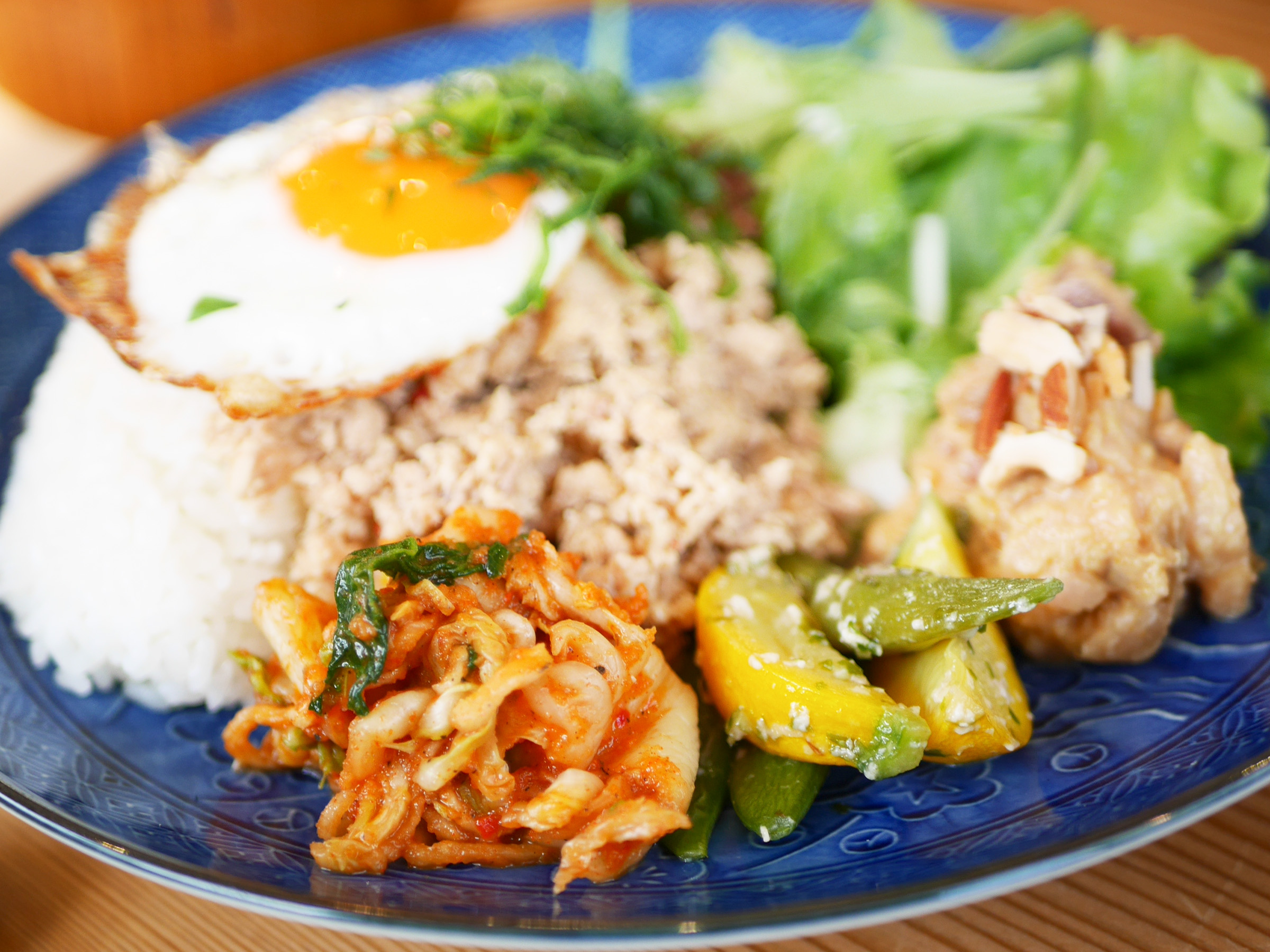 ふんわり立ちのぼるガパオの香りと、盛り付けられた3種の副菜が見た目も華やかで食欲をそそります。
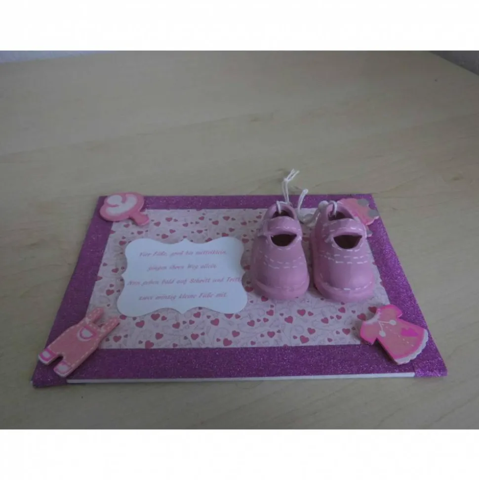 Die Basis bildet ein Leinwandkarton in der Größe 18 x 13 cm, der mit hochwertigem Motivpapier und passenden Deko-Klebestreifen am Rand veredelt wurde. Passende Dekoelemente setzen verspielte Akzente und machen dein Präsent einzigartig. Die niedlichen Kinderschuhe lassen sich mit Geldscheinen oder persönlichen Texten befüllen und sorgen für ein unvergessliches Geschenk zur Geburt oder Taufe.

--

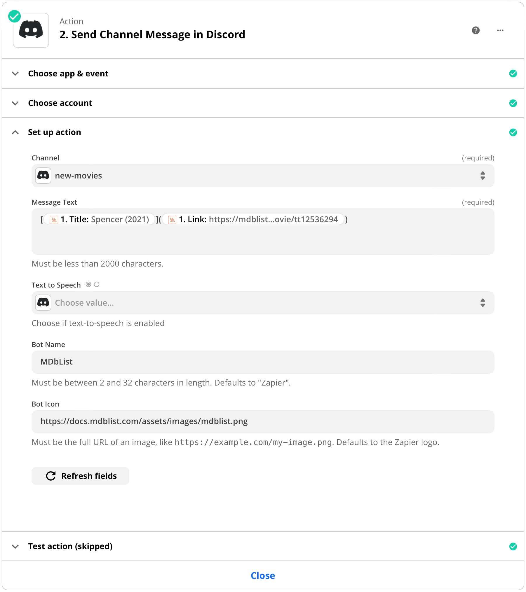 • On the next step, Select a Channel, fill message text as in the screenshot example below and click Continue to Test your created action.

▶ [WHAT TO PRODUCE]
Copy only the lines above from the one containing "ふんわり立ちのぼるガパオの香" through the one containing "Die Basis bildet", both included. Leave out the pictures.

▶ [WRITTEN SOLUTION]
 ふんわり立ちのぼるガパオの香りと、盛り付けられた3種の副菜が見た目も華やかで食欲をそそります。
 Die Basis bildet ein Leinwandkarton in der Größe 18 x 13 cm, der mit hochwertigem Motivpapier und passenden Deko-Klebestreifen am Rand veredelt wurde. Passende Dekoelemente setzen verspielte Akzente und machen dein Präsent einzigartig. Die niedlichen Kinderschuhe lassen sich mit Geldscheinen oder persönlichen Texten befüllen und sorgen für ein unvergessliches Geschenk zur Geburt oder Taufe.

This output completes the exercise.